- 2 years ago
3 December 2021
Health Minister Greg Hunt has held talks this week with vaccine manufacturers to determine whether the vaccines Australia has ordered will cover the Omicron variant that emerged at the end of November.
“I’ve spoken with Moderna, Pfizer, Novavax, this week myself, and the situation at the moment is we believe that there will be good protection,” Hunt told journalists.
“We want everybody to have their primary vaccinations, which is the first and the second dose, and if you’re due for the booster, do not delay. Please come forward. We’re well over 470,000 boosters and 92.6 per cent of first vaccinations around the country and if there are variant-related vaccines that are required, we’re in a position to do that.
“We’ve already spoken with both Pfizer and Moderna about those, and I was speaking with Novavax yesterday, and that’s making very good progress through its medical regulator or TGA assessment in Australia. So, we’re well prepared. We’ve got deep stocks of vaccines – a capacity to have access to the evolving vaccines in the same way that the flu vaccine evolves.”
The Federal Government said earlier this week it was continuing talks with Moderna and CSL after its long-awaited announcement about which company it would work with for onshore manufacturing failed to materialise, and as Victoria produced the country’s first mRNA vaccine candidate.

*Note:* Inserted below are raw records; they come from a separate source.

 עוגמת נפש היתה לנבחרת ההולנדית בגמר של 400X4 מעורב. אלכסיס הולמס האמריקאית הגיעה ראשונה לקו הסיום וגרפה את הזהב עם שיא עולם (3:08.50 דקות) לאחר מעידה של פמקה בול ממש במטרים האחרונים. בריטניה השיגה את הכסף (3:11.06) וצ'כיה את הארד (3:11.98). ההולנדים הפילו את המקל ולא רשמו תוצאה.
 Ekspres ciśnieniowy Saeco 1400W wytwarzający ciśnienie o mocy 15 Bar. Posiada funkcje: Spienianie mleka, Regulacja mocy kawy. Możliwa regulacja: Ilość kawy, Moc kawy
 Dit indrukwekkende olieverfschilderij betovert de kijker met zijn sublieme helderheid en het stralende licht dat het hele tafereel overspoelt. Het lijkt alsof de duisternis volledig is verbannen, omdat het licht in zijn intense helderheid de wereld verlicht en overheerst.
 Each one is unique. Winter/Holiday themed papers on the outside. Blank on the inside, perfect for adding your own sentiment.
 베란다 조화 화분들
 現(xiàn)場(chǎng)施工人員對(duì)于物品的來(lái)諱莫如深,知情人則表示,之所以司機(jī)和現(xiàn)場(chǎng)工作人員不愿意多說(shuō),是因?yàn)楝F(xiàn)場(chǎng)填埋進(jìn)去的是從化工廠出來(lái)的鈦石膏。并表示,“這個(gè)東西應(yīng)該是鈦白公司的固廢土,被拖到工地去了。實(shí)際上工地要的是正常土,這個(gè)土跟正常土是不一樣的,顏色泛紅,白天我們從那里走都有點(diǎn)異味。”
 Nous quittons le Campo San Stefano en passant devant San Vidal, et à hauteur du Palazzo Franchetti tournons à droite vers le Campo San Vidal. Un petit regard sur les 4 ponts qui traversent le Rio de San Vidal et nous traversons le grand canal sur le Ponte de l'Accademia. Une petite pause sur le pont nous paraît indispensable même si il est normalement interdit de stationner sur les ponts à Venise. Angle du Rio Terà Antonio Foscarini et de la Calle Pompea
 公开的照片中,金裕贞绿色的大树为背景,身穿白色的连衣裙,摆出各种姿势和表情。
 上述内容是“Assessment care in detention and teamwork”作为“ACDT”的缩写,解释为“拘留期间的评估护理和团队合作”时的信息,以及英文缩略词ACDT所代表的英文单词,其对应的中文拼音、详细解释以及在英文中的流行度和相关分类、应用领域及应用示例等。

In response to a question from Labor in Parliament, the Prime Minister, Scott Morrison, said discussions had been “progressing strongly” with both companies in relation to manufacturing mRNA vaccines in Australia.
“This is not a capability that other countries have other than those who had it prior to the commencement of the pandemic,” he said. “We’re looking forward to those negotiations to now proceed to the next level.

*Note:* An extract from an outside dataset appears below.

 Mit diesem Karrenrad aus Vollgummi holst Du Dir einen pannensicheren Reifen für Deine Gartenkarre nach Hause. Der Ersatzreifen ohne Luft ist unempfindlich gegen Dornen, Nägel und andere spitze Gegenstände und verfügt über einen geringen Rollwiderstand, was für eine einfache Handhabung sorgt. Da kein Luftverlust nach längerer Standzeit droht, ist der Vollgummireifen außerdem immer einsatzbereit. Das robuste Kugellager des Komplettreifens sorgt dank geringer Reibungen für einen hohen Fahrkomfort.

“I’ve been having constructive discussions with Premiers about the support they can provide also for this facility. This is an important capability, not just in relation to Covid vaccines for which Australia is well supplied and particularly in relation to booster shots, but the role that mRNA vaccines can play into the future.”
Industry Minister Angus Taylor said he had held discussions with Moderna Australia Head Michael Azrak, and the global Chief Executive of Moderna, while also approaching the market to ask what support companies would require from Government.
“We’re working through that process thoroughly,” Taylor said. “This is an important part of ensuring that we can control our own destiny.”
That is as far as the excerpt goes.